--- Input data Enclosed Below ---

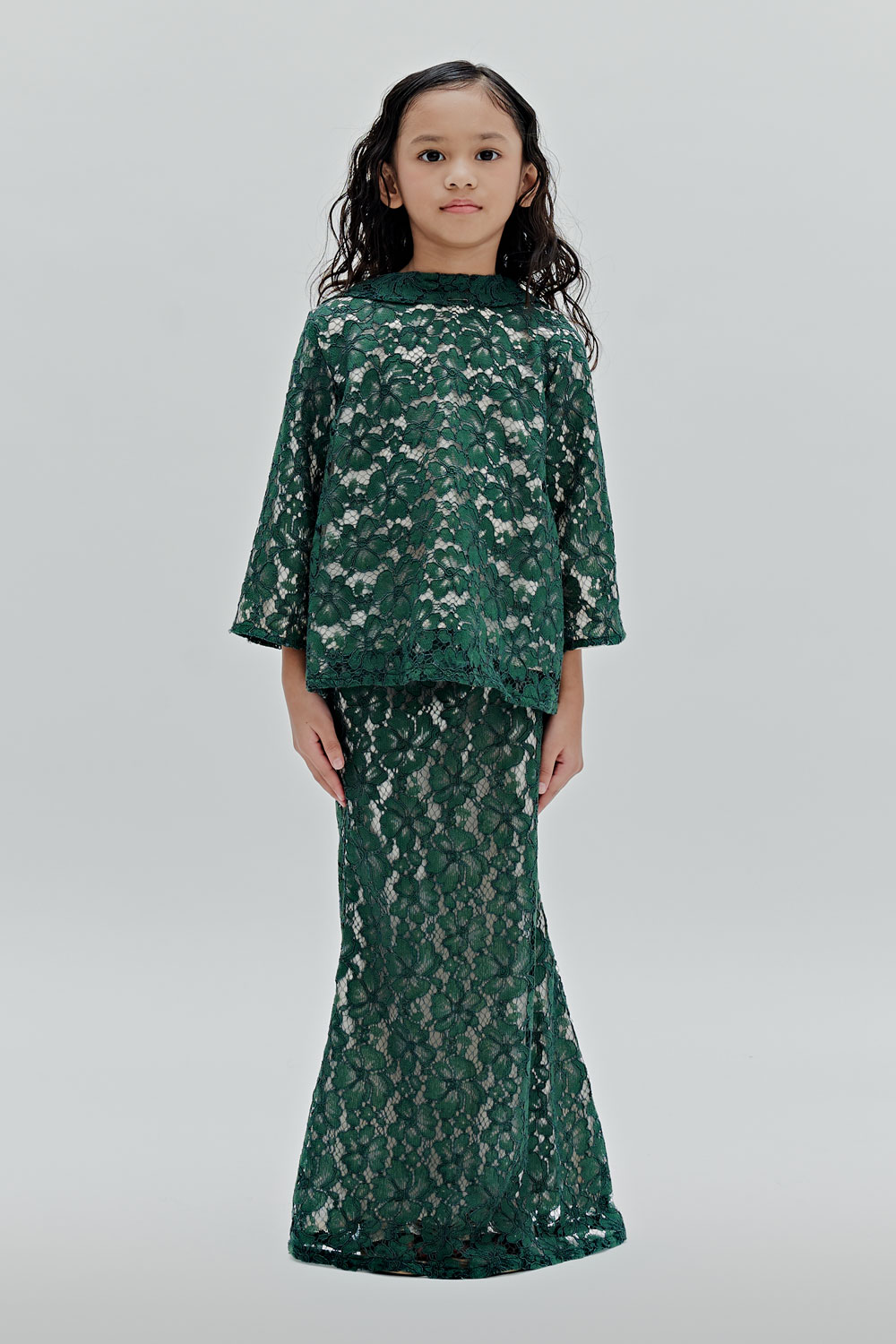 Clary Kids is a fully lined lace modern kurung with mermaid skirt
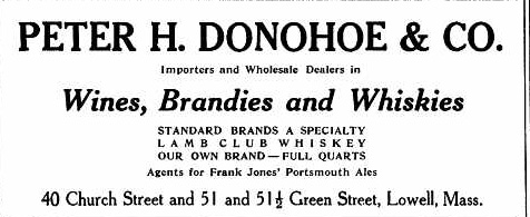 Another successful liquor store, Peter H. Donohoe & Co., located at 40 Church Street, sold wines, brandies, and whiskies to Lowell clientele until Prohibition.
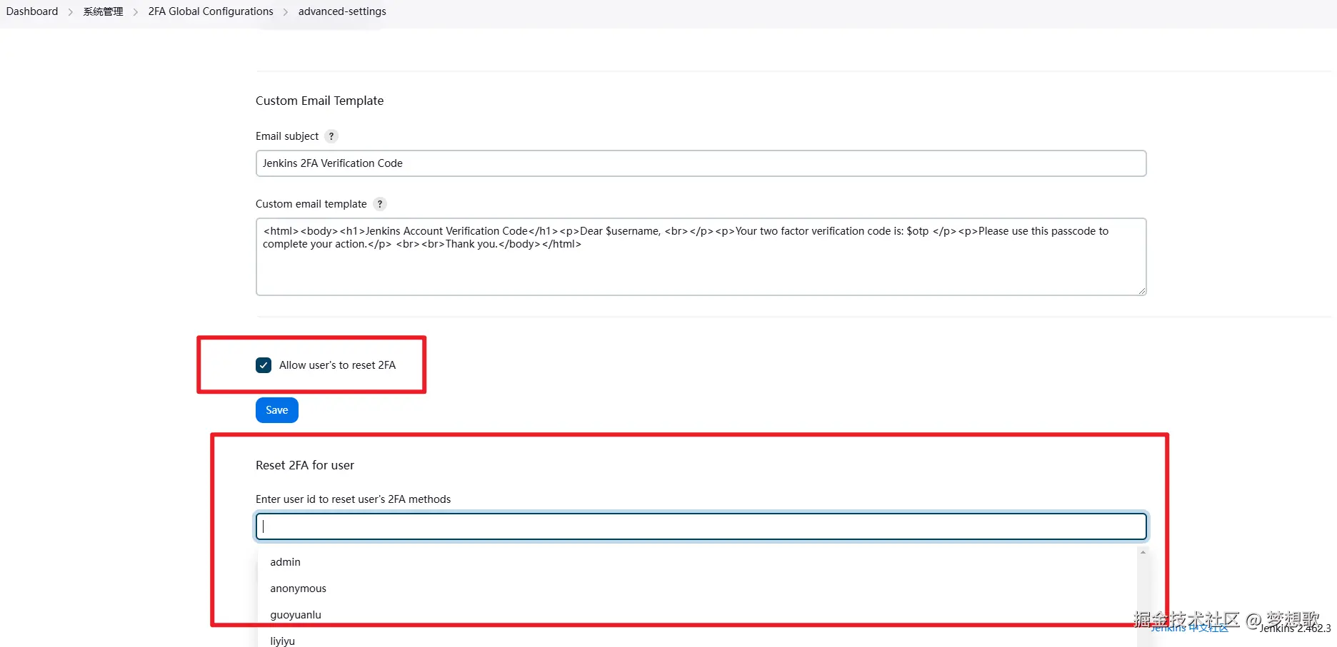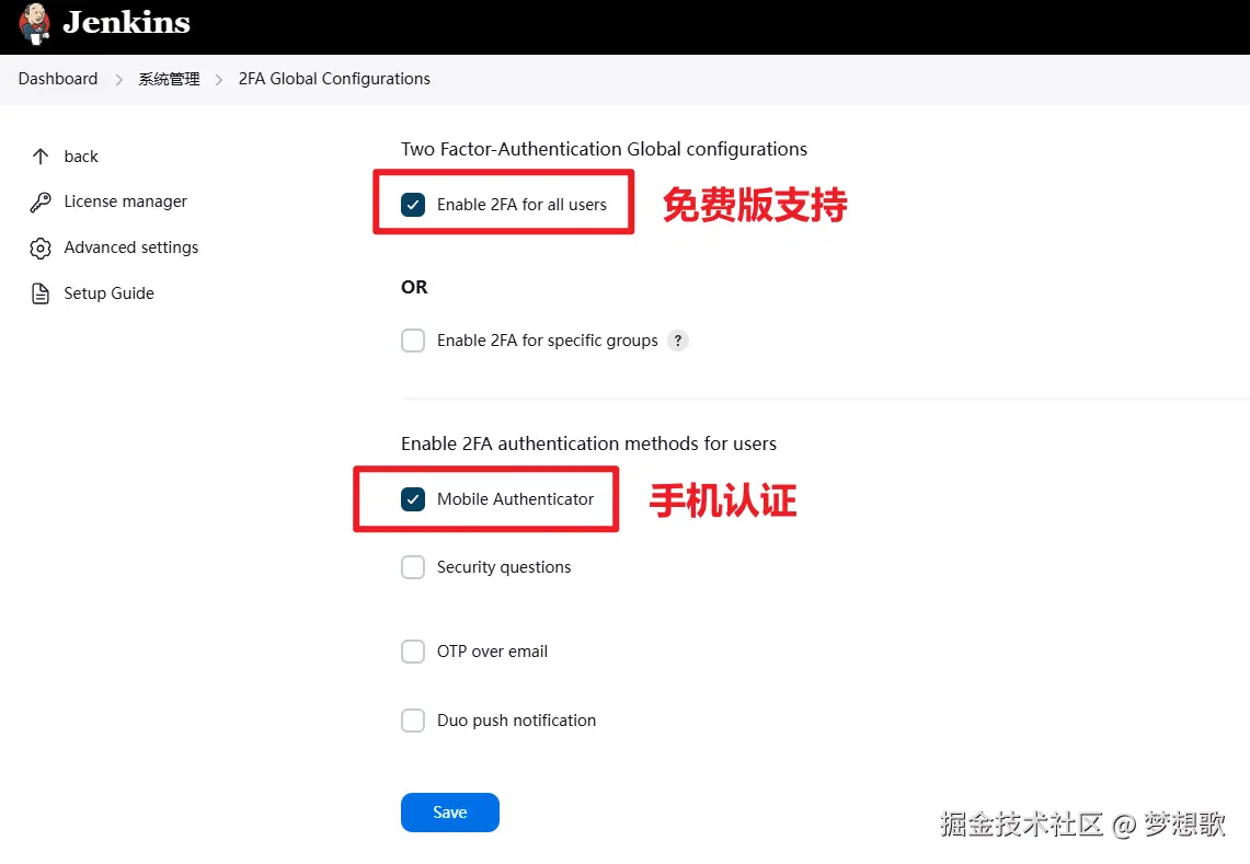 在配置里面勾选 Enable 2FA for all users 和 Mobile Authenticator 表示对所有用户开启 2FA 认证。
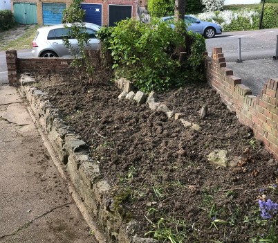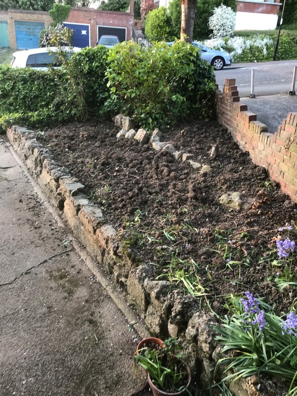 Apart from the composting a good bit of gardening was done in the front, weeding and attacking the ivy on the garden wall and learning that some of it is in fact holding up the said wall. There may have to be a compromise tomorrow when it comes to finishing the job because of that. We’re clearing all of the two tier bed and when things get back to some sort of normality and garden centres are open again we’ll fill it with some shrubs and grasses but it’s good to see it so clear for once! #lockdowngardening
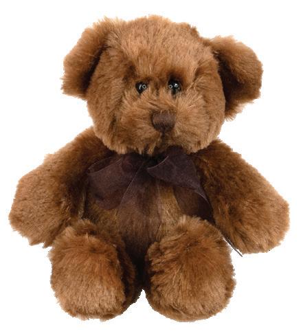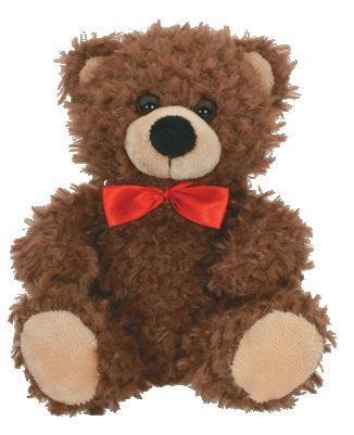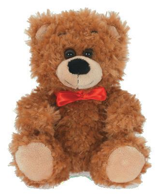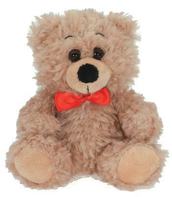 Fuzzy Bear Assortment with Bow. Plush. 7"H sitting with fixed legs. Dark brown, tan or white. Random selection. S22098
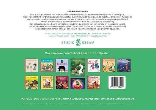 Hoe kan je troosten en troost vinden als woorden tekortschieten? Samen ontdekken Lina en haar vriendin Yasmine de kracht van de verbeelding. Een actueel en bemoedigend verhaal over kinderen die dromen van een eerlijke en vreedzame wereld. Met de vertelplaten Een huis voor Lina kan het verhaal in groep verteld worden. Lina is dol op tekenen. Met haar potloden en penselen maakt ze de wereld vrolijker, waar ze ook gaat. Maar wanneer Lina verdrietig nieuws krijgt, weet ze even niet wat ze moet doen. Ze mist haar oma en het huis dat ze door de oorlog heeft moeten achterlaten. Hoe kan je troosten en troost vinden als woorden tekortschieten? Samen ontdekken Lina en haar vriendin Yasmine de kracht van de verbeelding. Een actueel en bemoedigend verhaal over kinderen die dromen van een eerlijke en vreedzame wereld. Dit verhaal kwam tot stand dankzij een groep auteurs die zich samen inzetten voor meer menselijkheid en een toekomst zonder oorlog – een wereld waarin alle kinderen veilig kunnen opgroeien. Geert Nijs is een illustrator die zich vooral uit met zijn (digitale) potlood. Met prachtige illustraties en met oog voor detail brengt hij kleur in de wereld van kinderen. Hij illustreerde eerder de kinderboeken Knuffeldief en Knuffelfris bij Studio Sesam

--- End of Enclosed Input data ---

Each record has to be set down verbatim, and the pictures must not appear in the copy.

Exercise result
 Clary Kids is a fully lined lace modern kurung with mermaid skirt
 Another successful liquor store, Peter H. Donohoe & Co., located at 40 Church Street, sold wines, brandies, and whiskies to Lowell clientele until Prohibition.
 在配置里面勾选 Enable 2FA for all users 和 Mobile Authenticator 表示对所有用户开启 2FA 认证。
 Apart from the composting a good bit of gardening was done in the front, weeding and attacking the ivy on the garden wall and learning that some of it is in fact holding up the said wall. There may have to be a compromise tomorrow when it comes to finishing the job because of that. We’re clearing all of the two tier bed and when things get back to some sort of normality and garden centres are open again we’ll fill it with some shrubs and grasses but it’s good to see it so clear for once! #lockdowngardening
 Fuzzy Bear Assortment with Bow. Plush. 7"H sitting with fixed legs. Dark brown, tan or white. Random selection. S22098
 Hoe kan je troosten en troost vinden als woorden tekortschieten? Samen ontdekken Lina en haar vriendin Yasmine de kracht van de verbeelding. Een actueel en bemoedigend verhaal over kinderen die dromen van een eerlijke en vreedzame wereld. Met de vertelplaten Een huis voor Lina kan het verhaal in groep verteld worden. Lina is dol op tekenen. Met haar potloden en penselen maakt ze de wereld vrolijker, waar ze ook gaat. Maar wanneer Lina verdrietig nieuws krijgt, weet ze even niet wat ze moet doen. Ze mist haar oma en het huis dat ze door de oorlog heeft moeten achterlaten. Hoe kan je troosten en troost vinden als woorden tekortschieten? Samen ontdekken Lina en haar vriendin Yasmine de kracht van de verbeelding. Een actueel en bemoedigend verhaal over kinderen die dromen van een eerlijke en vreedzame wereld. Dit verhaal kwam tot stand dankzij een groep auteurs die zich samen inzetten voor meer menselijkheid en een toekomst zonder oorlog – een wereld waarin alle kinderen veilig kunnen opgroeien. Geert Nijs is een illustrator die zich vooral uit met zijn (digitale) potlood. Met prachtige illustraties en met oog voor detail brengt hij kleur in de wereld van kinderen. Hij illustreerde eerder de kinderboeken Knuffeldief en Knuffelfris bij Studio Sesam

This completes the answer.